Pfhrp2/3 genotyping results from RDT positive but microscopy and qPCR-negative samples
We had an additional category of samples (23) that were positive for P. falciparum by RDT, but negative by both microscopy and qPCR. Like the qPCR negative group, the samples were genotyped at the dhfr locus to select positive DNA samples for Pfhrp2 and Pfhrp3 testing. Of the 23, only 5 (1.45%) were positive for dhfr and of the 5, Pfhrp2/3 data was obtained from 4 samples. Two (0.6%) of the four samples was positive for both hrp2 and hrp3, 2 (0.6%) were Pfhrp3 negative only, while 1 (0.3%) was Pfhrp2 negative only. None of the samples was negative for both Pfhrp2 and Pfhrp3.
Effect of parasitemia on Pfhrp2/3 genotyping
We further assessed if the level of parasitemia influenced whether a sample tested positive or negative for Pfhrp2, Pfhrp3 or both. There were 231 samples with Pfhrp2/3 genotypes out of the total 345 samples. The geometric mean parasitemia of the respective Pfhrp2/3 genotypes was 61,965 parasites/μl (Pfhrp2/3 + ve), 6,088 parasites/μl (Pfhrp2 + ve, Pfhrp3−ve), 44,247 parasites/μl (Pfhrp2−ve, Pfhrp3 + ve), and 32,212 parasites/μl (Pfhrp2/3−ve). Overall, the analysis revealed that the Pfhrp2 and Pfhrp3 negative and Pfhrp2−ve only samples had similar levels of parasitemia as those that tested positive for both genes (Figure 2). However, there was a significant difference in parasitemia between the Pfhrp3−ve only and Pfhrp2 + ve/hrp3 + ve samples (p = 0.033, Figure 2). Parasitemia levels were generally lower between samples that were discordant by either microscopy or qPCR and those that were non-discordant. Samples that were microscopy positive, but RDT negative had significantly (p = 0.0087) lower levels of parasitemia compared to those that were both microscopy and RDT-positive (Figure 3A), though cognizance is taken of the expected low numbers of discordant samples. There were 25 qPCR + ve/RDT−ve samples in total, however only 6 of these had microscopy data, and only 150 of the 216 qPCR + ve/RDT + ve samples had microscopy data. The low numbers of qPCR + ve/RDT−ve samples are likely to have attributed to the lack of significance observed in the comparison with qPCR + ve/RDT + ve samples (p = 0.065, Figure 3B).
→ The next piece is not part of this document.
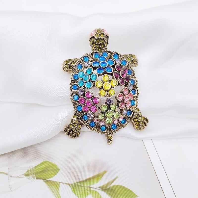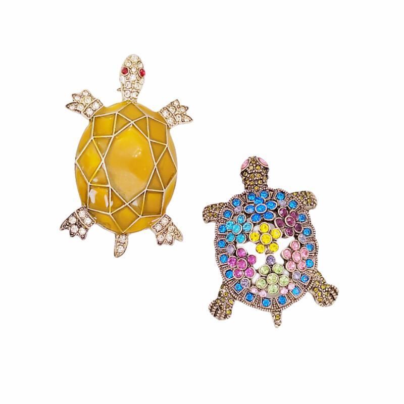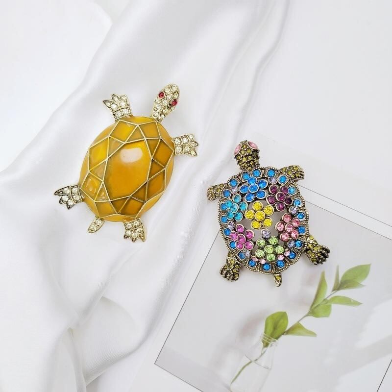 ブローチ 男女兼用 欧米風 レトロ ヴィンテージ ラインストーン装飾 立体 ウミガメ モチーフ 七宝焼き風 ドリップエナメル 個性的 おしゃれ 上品 カラフル 黄色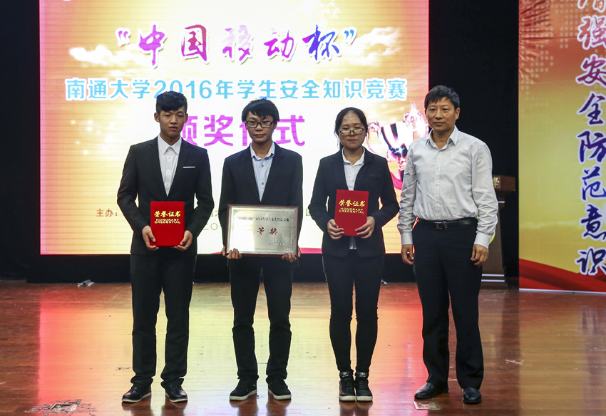 10月26日下午,由保卫处、学生工作处、团委共同举办的“中国移动杯”2016级学生安全知识竞赛决赛在大学生活动中心举行,经过激烈的角逐,电子信息学院获得竞赛一等奖。副校长樊小东,市公安局内保支队支队长袁洋鸣,市教育局安全保卫监督管理处处长陈新荣等出席活动。

Figure 2. A comparison of the microscopy log base 10 parasitemia of the Pfhrp2/3 genotypes. The log10 geometric mean of the Pfhrp2/3 genotypes was, 4.30 (32,212 parasites/µl), 4.53 (44,247 parasites/µl), 3.61 (6,088 parasites/µl) and 4.69 (61,965 parasites/µl) for hrp2−ve/hrp3−ve, hrp2−ve/hrp3 + ve, hrp2 + ve/hrp3−ve and hrp2 + ve/hrp3 + ve, respectively. The hrp2 + ve/hrp3−ve group had significantly lower levels of parasitemia than the hrp2 + ve/hrp3 + ve category (t-test p < 0.05), in the overall sample set. There was no difference (p > 0.05) in parasitemia among the other hrp2/3 genotypes.
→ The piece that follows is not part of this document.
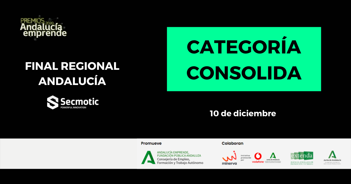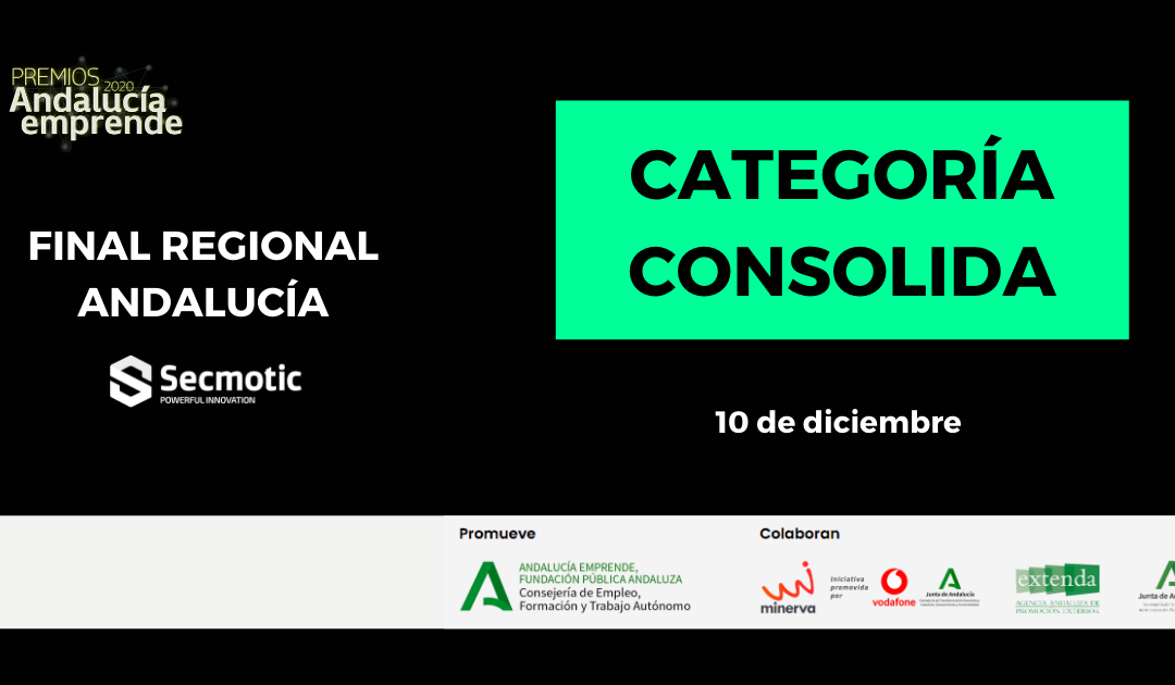 El pasado 18 de noviembre tuvieron lugar en Sevilla los Premios Andalucía Emprende 2020 en los que participó Secmotic. Se trataba de la 7ª edición de estos premios, y como de costumbre las categorías en las que participar eran dos: Crea y Consolida.

Figure 3. Combined Box and scatter diagrams comparing the microscopy log10 parasite densities of discordant and non-discordant samples. Horizontal lines represent the geometric means of log10 parasitemia. (A) Microscopy positives where the geometric mean parasitemia (log 10 parasitemia) was 3.5 (4978.0 parasites/μl) for m'scopy + ve/RDT−ve and 4.7 (61309.7 parasites/μl) for m'scopy + ve/RDT + ve. (B) qPCR positives, where the geometric mean parasitemia (log 10 parasitemia) was 3.5 (4427.3 parasites/μl) for qPCR + ve/RDT−ve and 4.7 (62589.9 parasites/μl) for qPCR + ve/RDT + ve.
Pfhrp2/3 sequencing
We sequenced 12 and 13 samples for Pfhrp3 and Pfhrp2, respectively. The 7 and 9 good quality sequences obtained for Pfhrp2 and Pfhrp3 respectively, were subsequently analyzed for the presence of 3-, 6- and 9-amino acid repeats. A total of 20 repeat types were identified. Type 4 (AHH) and type 7 (AHHAAD) repeats were common in Pfhrp2 and Pfhrp3 and an additional 8 repeat types were described for Pfhrp2, while 5 more repeats were defined for Pfhrp3 (Supplementary Table S2). Thus, demonstrating the similarity between both proteins and with the global population (30, 31).
Discussion
This study was conducted in a primary healthcare facility that routinely conducts RDT tests to diagnose malaria. It had the advantage of examining microscopy and qPCR that were also routinely conducted for all the malaria positive samples presenting to the clinic. This provided a unique setting to interrogate Pfhrp2 and Pfhrp3 gene deletion frequencies, given the current expected low prevalence of the mutations in Kenya (21, 32). Pfhrp2 and Pfhrp3 deletions were therefore examined within this context of routine malaria monitoring in a clinical set up to detect uncomplicated malaria cases. Thus, malaria RDTs was the baseline selection criteria to initially identify discordant malaria test results when compared to microscopy and qPCR data.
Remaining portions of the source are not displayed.